This year marks the 25th anniversary of the POW/MIA run to the wall. This annual event has the goal of ensuring that Americans know many of our veterans from the Vietnam war have yet to be accounted for.
In the fall of 1987, a small group of Vietnam War veterans met to discuss their personal concerns about the POW/MIAs from that Southeast Asian conflict. Having honorably served their country and having taken an oath to “support and defend the Constitution of the United States against all enemies…” and to “bare true faith and allegiance to same,” these vets were deeply troubled by the lack of attention given to those who did not make it out with their lives or their freedom.
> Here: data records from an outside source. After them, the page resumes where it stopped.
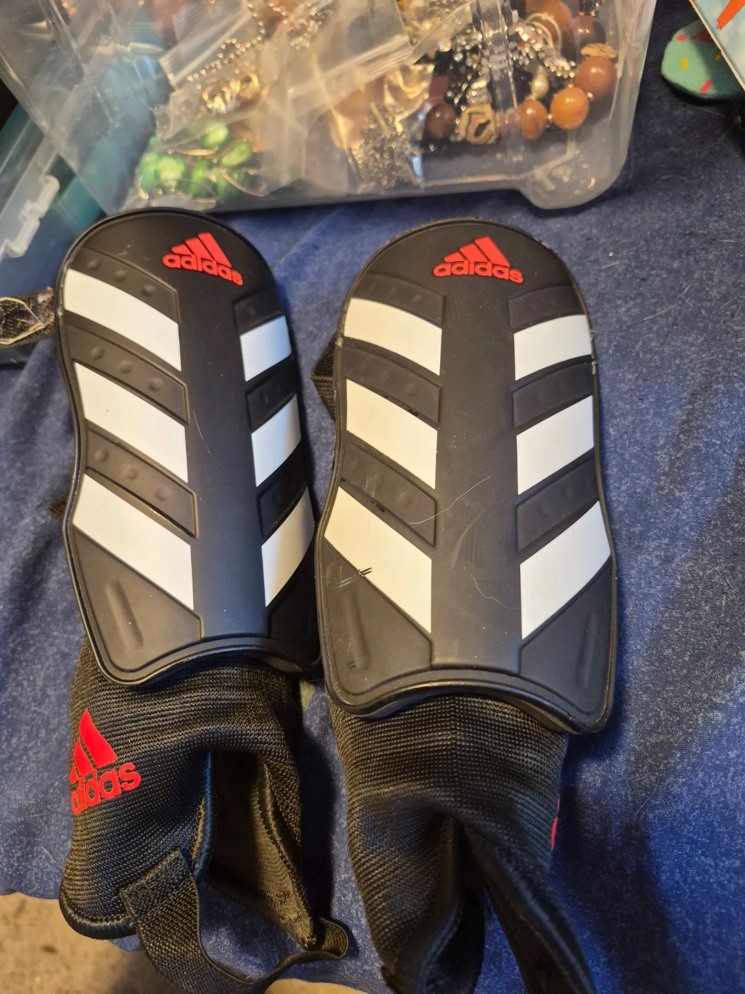 These are a pair of Adidas soccer shin guards. They're made with a durable outer shell and a soft inner lining for comfort. Straps ensure a snug fit during plaster l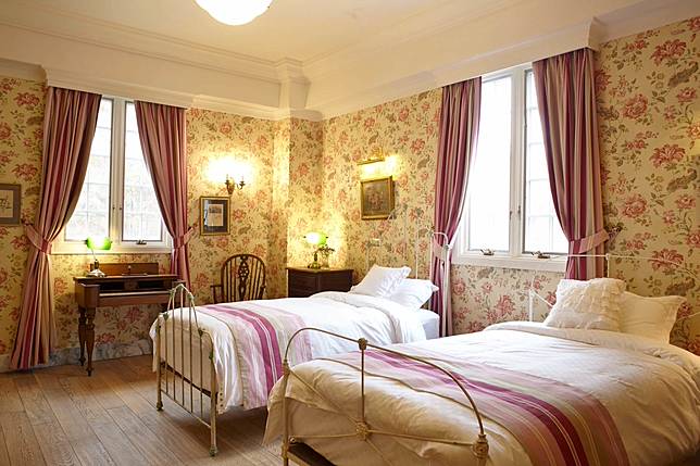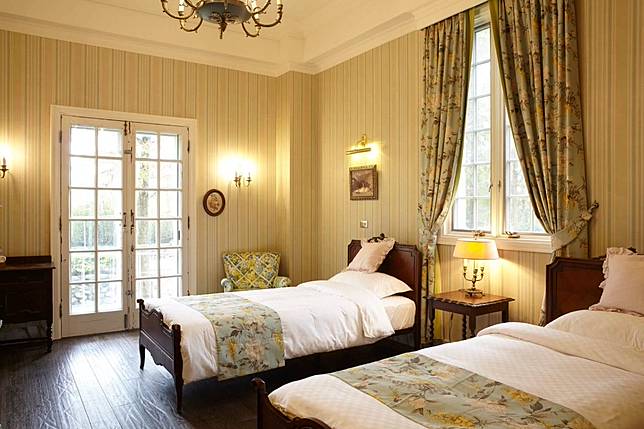 海欣絲雙床房,同樣是以淺色壁紙創造出舒緩的空間氛圍,木製家具搭配暈黃小燈,溫馨舒適使人心暖,英式風格的簡潔舒適打造出最棒的舒眠空間。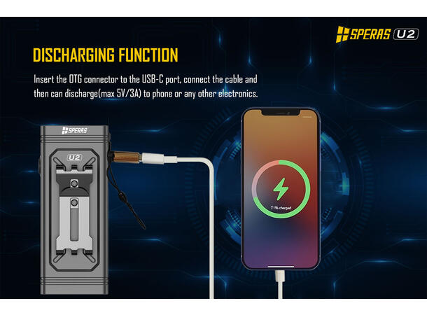- Enheten lades på ca 2 timer 15 min med den medfølgende TYPE-C ladekabel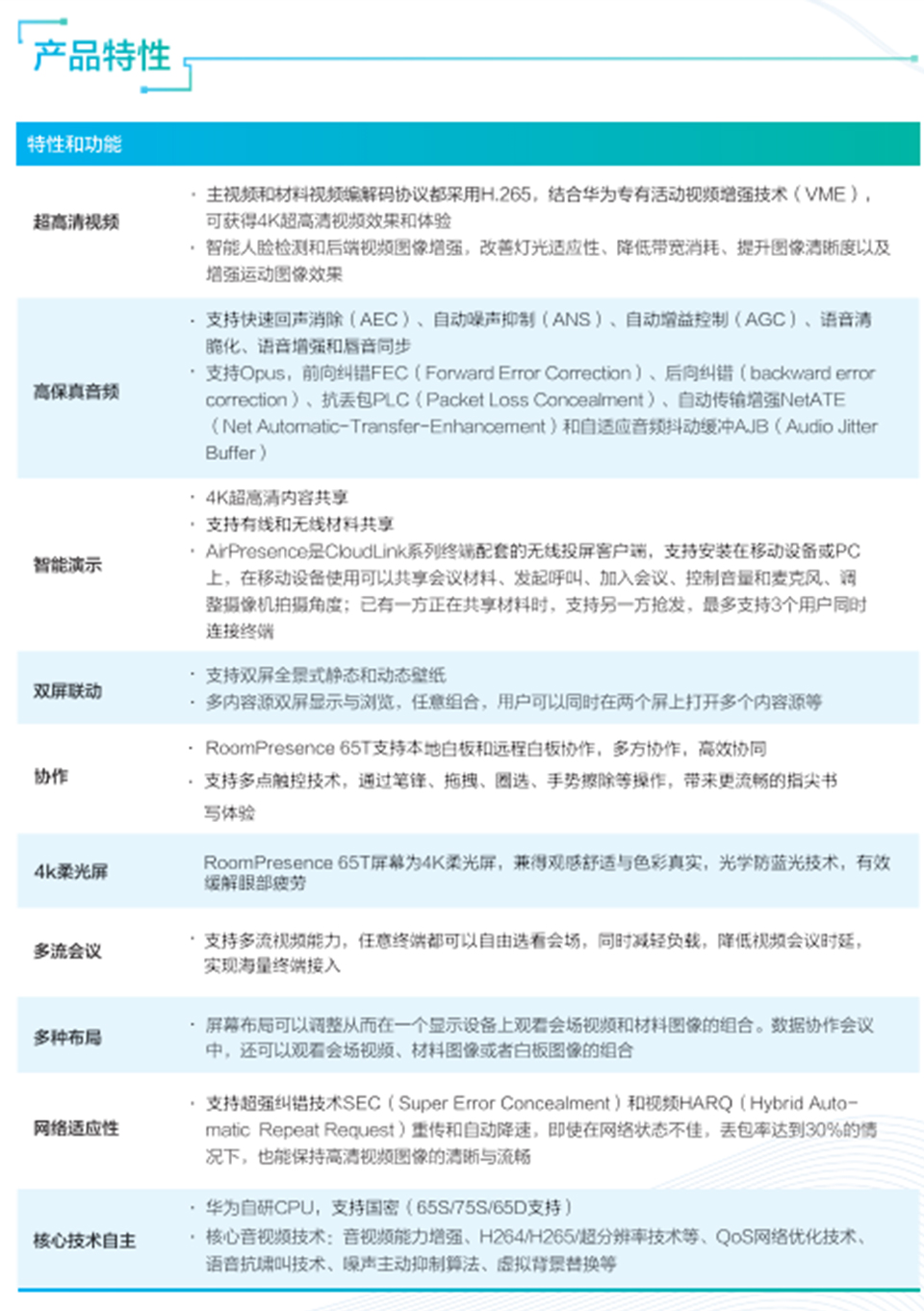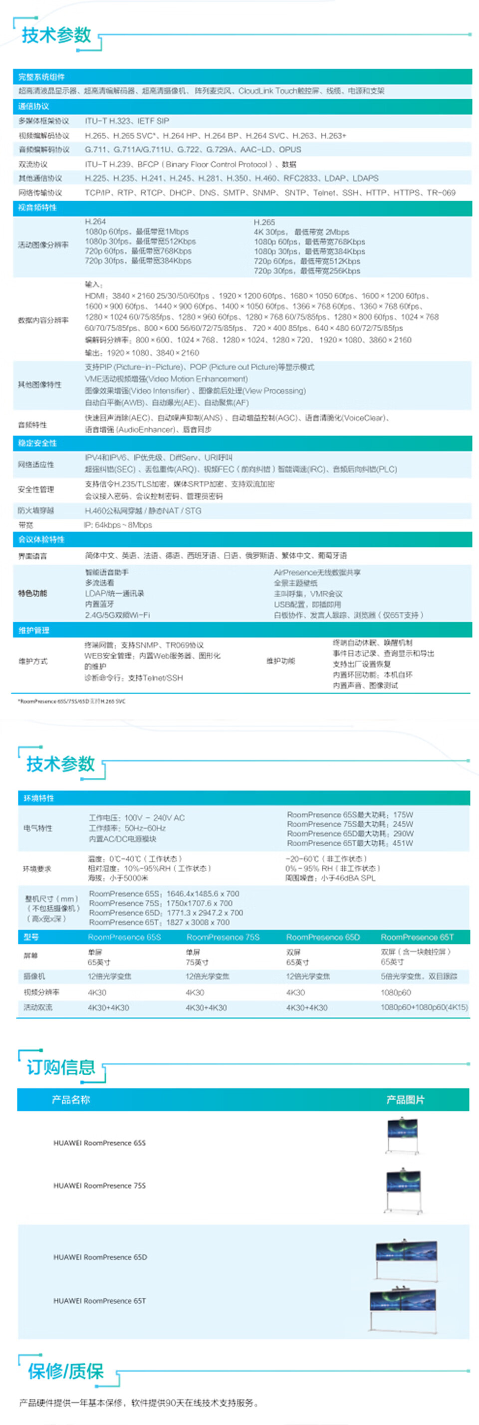 商品名称:华为(HUAWEI)RoomPresence 65T 多功能智真解决方案-65英寸双屏
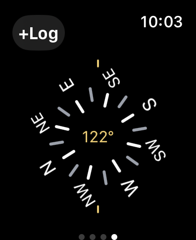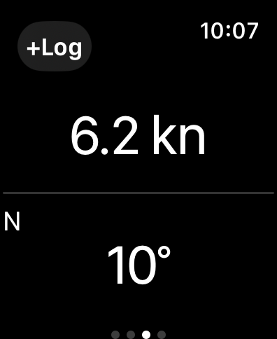 Wischen Sie nochmal nach links für einen Kompass. Tippen Sie auf den Bildschirm, um den Kompass anzuhalten oder wieder zu starten (z.B., wenn Sie eine Peilung vornehmen). Tippen Sie auf +Log, um die Peilung ins Log zu übernehmen. Hinweis: Der Kompass der Apple Watch ist nicht immer zuverlässig, z.B. wenn Sie ein metallisches oder magnetisches Armband verwenden oder metallische Objekte in der Nähe sind. SkipperLog zeigt dieselben Werte wie die eingebaute Apple Watch Kompass-App.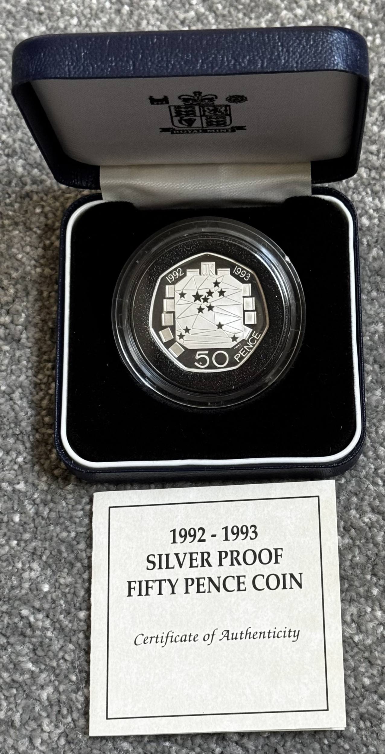 1992-1993 FDC Silver Proof Fifty Pence Coin - 13.5g Royal Mint Box and COA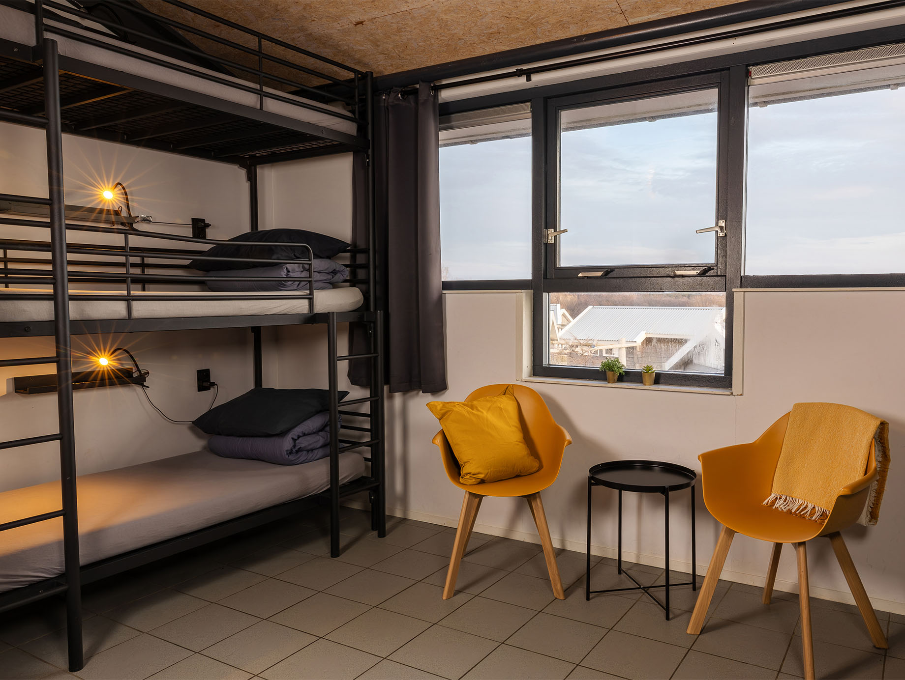 Deze Budget Room van 24 m² bevindt zich op de eerste verdieping en is praktisch ingericht met drie stapelbedden van drie hoog, geschikt voor maximaal acht tot negen personen. Een open vakkenkast biedt ruimte voor het opbergen van kleine persoonlijke spullen.

These veterans discussed what they termed 10,000 reported sightings of live Americans existing in dismal captivity. The government and mainstream press has generally ignored intelligence reports of these sightings.
So a quarter of a century ago, the founders of Rolling Thunder prepared plans for a gathering in Washington, D.C., during the 1988 Memorial Day weekend. They reached out to their families, fellow veterans and veteran advocate groups to form a march and demonstration at the nation’s Capitol. Their arrival would be announced by the roar of their motorcycles — a sound not unlike the 1965 bombing campaign against North Vietnam dubbed Operation Rolling Thunder.
In fact, the group named itself Rolling Thunder — a title that was trademarked in 1990 and has endured since that first march. Word spread quickly back then, and by Memorial Day weekend in 1988, more than 2,500 motorcycle riders converged on Washington, D.C., from all parts of the country.
What they demanded from our leaders was a full accounting of all POW/MIAs. As the founders of Rolling Thunder made their stand that day in front of the Capitol, they reflected thankfully for the people who came in support of the POW/ MIAs and for the unity that was felt through the crowd. This event marked Rolling Thunder’s first demonstration, and until all POW/MIAs are accounted for, the annual run to the wall will continue.
In recent years, the annual “Ride for Freedom” to the Vietnam Veteran’s Memorial Wall has drawn an estimated 900,000 participants — quite an expansion from the 2,500 that showed up on that inaugural Memorial Day ride.
And it’s happening again this year this Sunday in Washington, D.C., assembling in the north Pentagon parking lot. Folks are coming in from all across this land — some departing weeks ago. And they all carry the same message: “We will never forget.”
As you spend your holiday this year, remember those who are not accounted for. And I offer my own personal thanks to Rolling Thunder for showing me that those lost are not forgotten.